# Cheaper, decent Snow Foam



## aod (Apr 7, 2009)

Can anyone recommend a cheaper but decent snow foam?

I've used Valet Pro PH neutral for years but don't really want to pay £17-£19 for 5L at the moment. 

Has anyone found a decent SF for around £10 or less for 5L?


----------



## Shiny (Apr 23, 2007)

25l of Envy's Bubbly Jubbly works out at about £10 for 5 litres.


----------



## stonejedi (Feb 2, 2008)

aod said:


> Can anyone recommend a cheaper but decent snow foam?
> 
> I've used Valet Pro PH neutral for years but don't really want to pay £17-£19 for 5L at the moment.
> 
> Has anyone found a decent SF for around £10 or less for 5L?


Bilt Hamber auto foam reasonably priced and definitely works efficiently,any cheaper then that and you are just looking a EBay jobbie.SJ.


----------



## aod (Apr 7, 2009)

Thanks for the recommendations, although I'm struggling to find either of those for a decent price.
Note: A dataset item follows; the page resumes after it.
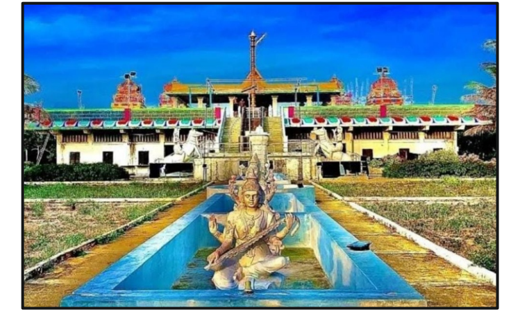
Balanagar Ayyappa Swamy Temple

I might need to rephrase!

Essentially I don't want to spend much more than a tenner but want to get about 5L ( or say least 3-4L) of snow foam. I suppose it could be a bit of a budget job at that price, but most 5L of anything is a minimum of £15.99 as far as I can find. 
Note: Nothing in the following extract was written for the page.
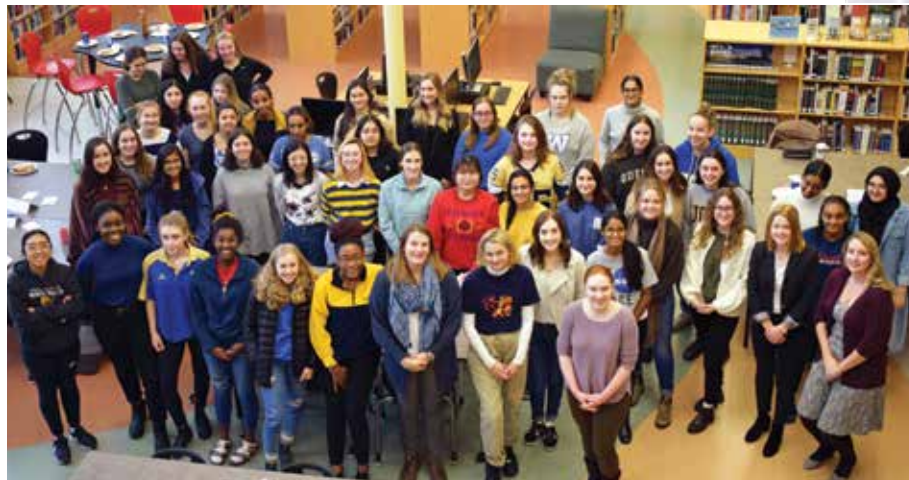
Ask an Alum, November 2019. Young alumnae with grades 11 and 12 students.

Any bargain / cheap and cheerful stuff out there?


----------



## packard (Jun 8, 2009)

I’ve tried the turtle wax cherry off Amazon before, it’s ok


----------



## stonejedi (Feb 2, 2008)

Just came across this don't know much about it as i have never tried but it seems "CHEAP!"https://www.hygienesuppliesdirect.com/5l-snowpro-snow-foam?fragrance=cherry&quantity=2&variant=265145&gclid=EAIaIQobChMIl8rg0uHT5gIVhrTtCh399AiyEAkYASABEgLkyvD_BwE.SJ.


----------



## Titanium Htail (Mar 24, 2012)

Autofinnese Avalanche, like winter in a bottle my goodness more snow than Finland..plus cheap.

John Tht.


----------



## Juke_Fan (Jul 12, 2014)

https://www.eurocarparts.com/p/turtlewax-cherry-snow-foam-5ltr-552777311

£9.99 for 5L before any discount code :thumb: Might try some myself at this price.


----------



## packard (Jun 8, 2009)

Do like ultimate finish 20ltrs for price of 15 https://www.theultimatefinish.co.uk/snow-foam/ultimate-snow-foam-5-litres.aspx?Variant=9891


----------



## simonjj (Sep 25, 2010)

packard said:


> Do like ultimate finish 20ltrs for price of 15 https://www.theultimatefinish.co.uk/snow-foam/ultimate-snow-foam-5-litres.aspx?Variant=9891


If you use code BX10 you get another 10% off today as well👍


----------



## BellUK (Mar 12, 2012)

https://hdcarcare.co.uk/collections...nnamon-ph-neutral-snow-foam-christmas-edition

5L £12.59

https://hdcarcare.co.uk/collections/exterior/products/hd-car-care-ph-snow-foam

5l £13.99

Using code "BOXINGDAY" until midnight tonight


----------



## aod (Apr 7, 2009)

Juke_Fan said:


> https://www.eurocarparts.com/p/turtlewax-cherry-snow-foam-5ltr-552777311
> 
> £9.99 for 5L before any discount code :thumb: Might try some myself at this price.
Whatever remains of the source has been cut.